• Problem details:
Exact reproduction is required for the lines below starting at the line with "Entre 22 de" and ending at the line with "Drawing of a", both included. No other lines, and no pictures.

• Data shown:
•••

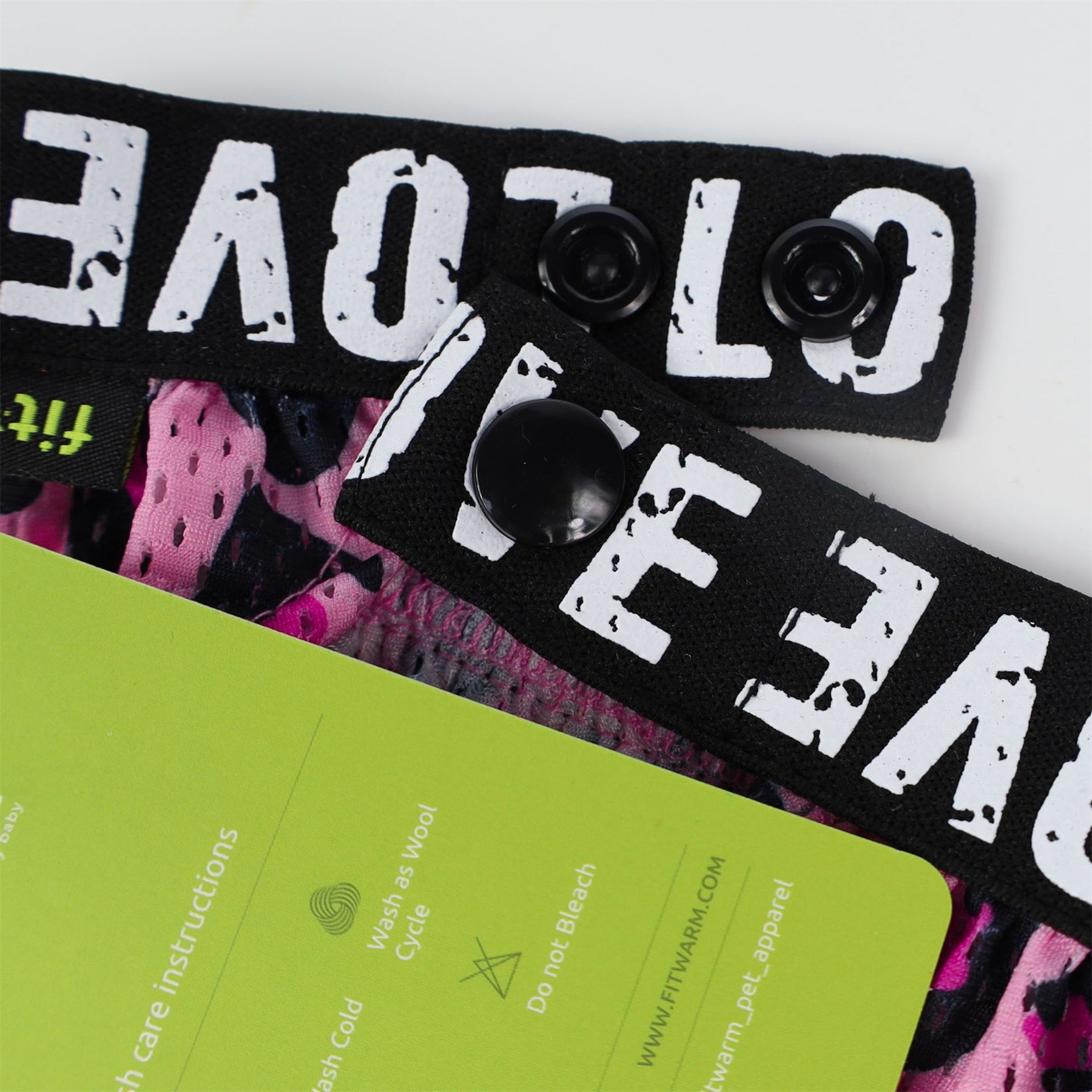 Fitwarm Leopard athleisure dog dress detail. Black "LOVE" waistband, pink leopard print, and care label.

•••

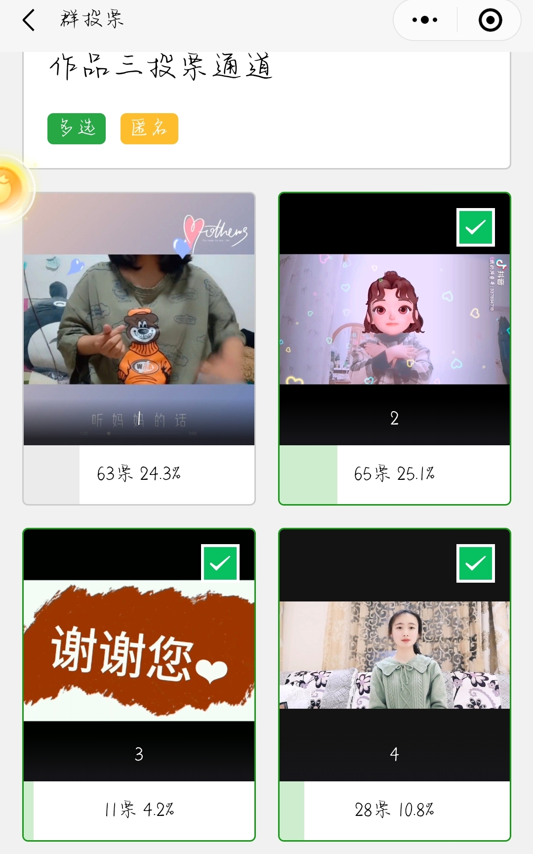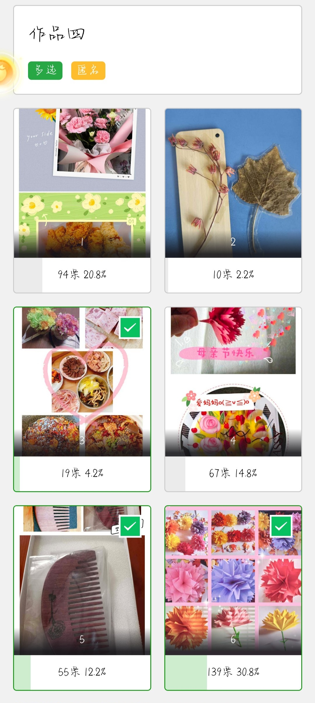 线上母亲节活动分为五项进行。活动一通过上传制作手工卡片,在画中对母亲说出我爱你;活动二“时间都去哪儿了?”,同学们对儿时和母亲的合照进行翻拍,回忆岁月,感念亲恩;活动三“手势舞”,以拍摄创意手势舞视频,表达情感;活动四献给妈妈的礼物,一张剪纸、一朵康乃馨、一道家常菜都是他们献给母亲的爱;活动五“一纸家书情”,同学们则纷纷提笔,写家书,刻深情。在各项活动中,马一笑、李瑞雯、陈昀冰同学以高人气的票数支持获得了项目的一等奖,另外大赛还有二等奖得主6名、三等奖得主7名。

•••

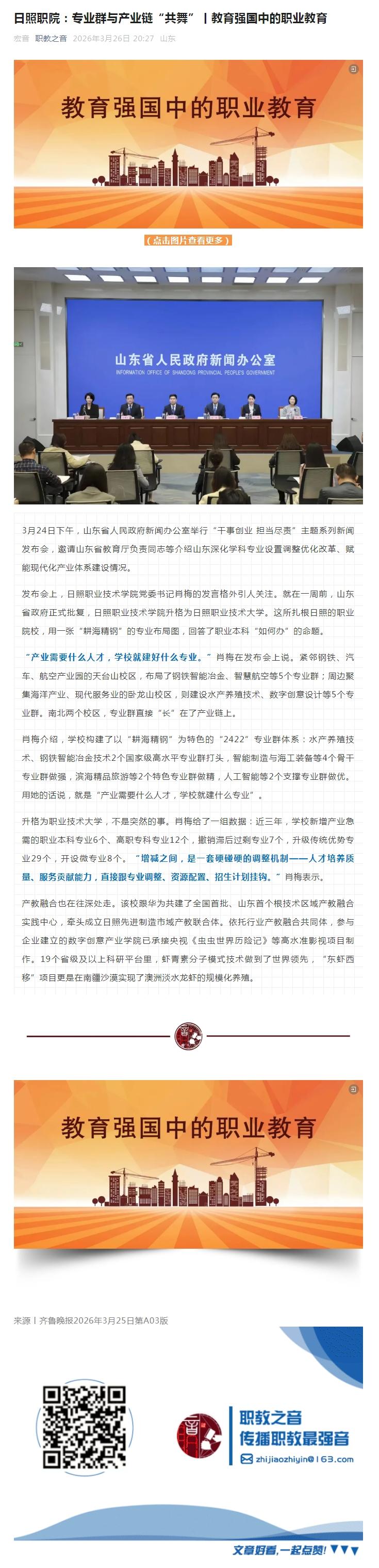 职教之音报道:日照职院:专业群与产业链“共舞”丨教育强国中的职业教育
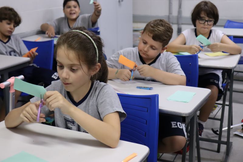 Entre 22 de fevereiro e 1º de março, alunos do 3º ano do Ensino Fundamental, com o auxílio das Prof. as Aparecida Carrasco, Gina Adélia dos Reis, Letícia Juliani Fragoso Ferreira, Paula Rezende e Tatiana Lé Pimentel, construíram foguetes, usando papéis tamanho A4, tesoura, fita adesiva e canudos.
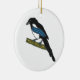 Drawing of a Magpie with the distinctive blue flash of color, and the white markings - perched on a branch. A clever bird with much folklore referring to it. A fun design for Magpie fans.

•••

• Task output:
 Entre 22 de fevereiro e 1º de março, alunos do 3º ano do Ensino Fundamental, com o auxílio das Prof. as Aparecida Carrasco, Gina Adélia dos Reis, Letícia Juliani Fragoso Ferreira, Paula Rezende e Tatiana Lé Pimentel, construíram foguetes, usando papéis tamanho A4, tesoura, fita adesiva e canudos.
 Drawing of a Magpie with the distinctive blue flash of color, and the white markings - perched on a branch. A clever bird with much folklore referring to it. A fun design for Magpie fans.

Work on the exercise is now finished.